蛋白质contact order(CO)是残基间接触的位置。 CO也与蛋白质的折叠速度相关。较高的接触顺序表明较长的折叠时间,并且低接触顺序被建议作为潜在的下坡折叠或没有自由能量障碍的蛋白质折叠的预测因子。
有一个内联网络服务器和一个perl脚本来计算CO here。
有没有办法在python中计算CO?
答案 0 :(得分:4)
import numpy as np
import mdtraj as md
@jit
def abs_contact_order(xyz, atoms_residue, cutoff_nm=.6):
"""Return the absolute contact order."""
contact_count = 0
seq_distance_sum = 0
cutoff_2 = cutoff_nm*cutoff_nm
N = len(atoms_residue)
for i in xrange(N):
for j in xrange(N):
seq_dist = atoms_residue[j] - atoms_residue[i]
if seq_dist > 0:
d = xyz[j] - xyz[i]
if np.dot(d, d) < cutoff_2:
seq_distance_sum += seq_dist
contact_count += 1
if contact_count==0.:
print("Warning, no contacts found!")
return 0.
print("contact_count: ", contact_count)
print("seq_distance_sum: ", seq_distance_sum)

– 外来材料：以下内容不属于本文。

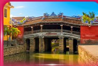
สะพานญี่ปุ่นโบราณ ฮอยอัน
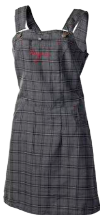
Outdoor Stuff AMENITY ČERNÁ KOSTKA
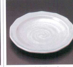
セ161-35-2 青白磁 5.0丸皿 (16.5×2.5cm) ¥1,090 1832161011 セ161-36-2 青白磁 4.5丸皿 (14.1×2cm) ¥900 1832161036

return seq_distance_sum/float(contact_count)
使用:
运行traj = md.load("test.pdb")
print("Atoms: ", traj.n_atoms)
seq_atoms = np.array([a.residue.resSeq for a in traj.top.atoms], dtype=int)
abs_co = abs_contact_order(traj.xyz[0], seq_atoms, cutoff_nm=0.60)
print("Absolute Contact Order: ", abs_co)
print("Relative Contact Order: ", abs_co/traj.n_residues)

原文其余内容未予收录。